A Bit About Dijkstra’s

Sample Execution

Graph

Consider the following graph:

Note that this graph satisfies our input conditions:

  1. Directed,
  2. Non negative weights

We will now run Dijkstra(G, w, s) – where ‘s’ is our start vertex.

Graph G

Initialization

After running INITIALIZE-SINGLE-SOURCE(G,s), will have v.d = ∞ except the start vertex ‘s’, which will have the key 0.

Note that we have put the keys in the circle of the vertex and weights along the edges, to simplify presentation of data.

The edge ‘s’ which has the least key value is shaded gray.

Graph G, respective keys of edges after initialization.
Q = {(s,0),(y,∞),(t,∞),(x,∞),(z,∞)}
S = Ø

Sets after initialization.

Round 1 of Loop Execution

After initialization steps, Q = G.V and hence it is nonempty, so the loop runs.

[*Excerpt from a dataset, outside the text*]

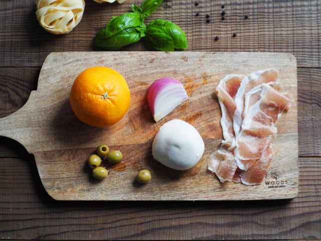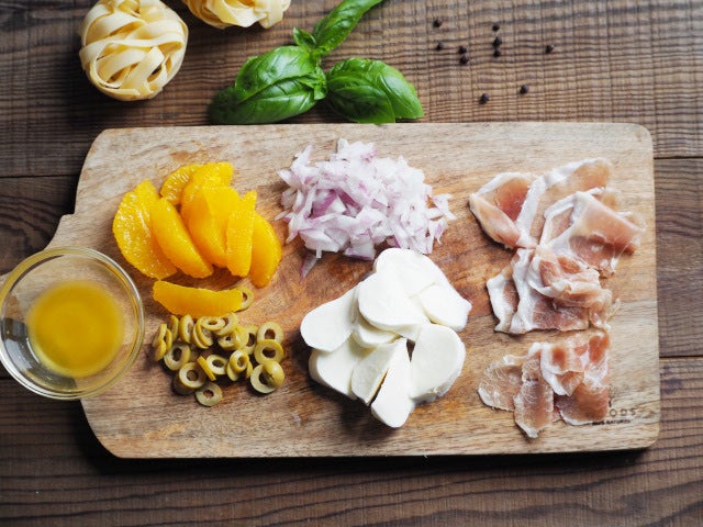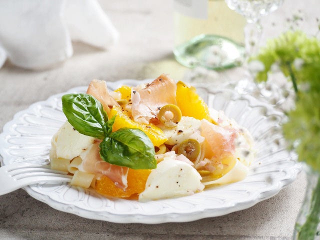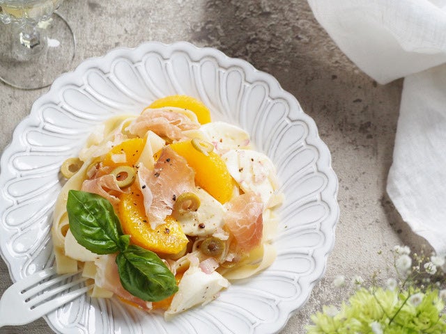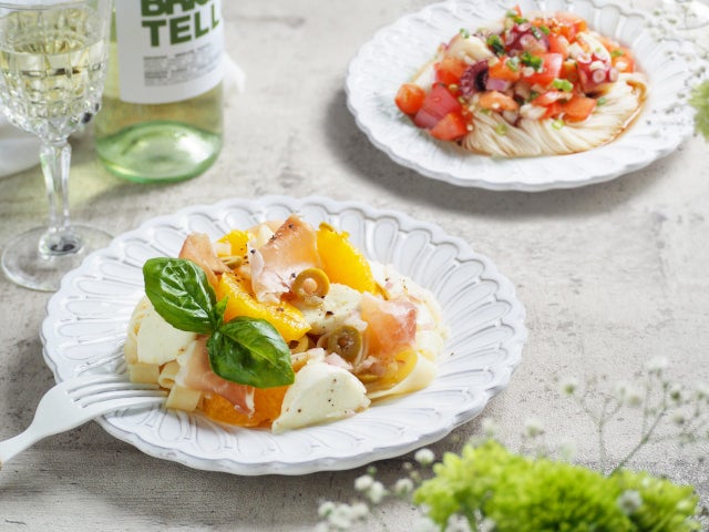 生ハムとグリーンオリーブの塩気が、甘酸っぱいオレンジと合う爽やかな冷製パスタです。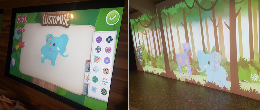 숲 속 장면을 묘사한 대형 스크린이 있는 인터랙티브 전시 공간인 '숲 속에 누가 있을까'도 있습니다. 아이들이 디지털 태블릿에 동물을 그려서 숲에 생명을 불어넣을 수 있어요. 마치 마법처럼 이 동물들이 화면에서 살아 움직일 거예요.

Now, the vertex ‘s’ has the least key – hence we extract s and examine its neighbours, G.Adj[s] = {t, y}

Since t.d = ∞ > s.d + w(s,t), we relax the edge (s, t). That is, we set t.d = s.d + w(s, t) = 0 + 10 = 10 and we set ‘s’ as the parent of ‘t’.

Similarly, we will relax ‘y’, setting y.d = 5 and ‘s’ as its parent.

Note that we have shaded vertex ‘s’ black, since it is in the set S now, and ‘y’ is shaded gray since it is the vertex with least key. Also note that the edge (s, y) and (s, t) are shaded to notify that at the end of round 1 of loop execution, that’s the best shortest path to our knowledge – recorded in parent attribute, π of edges ‘y’ and ‘t’.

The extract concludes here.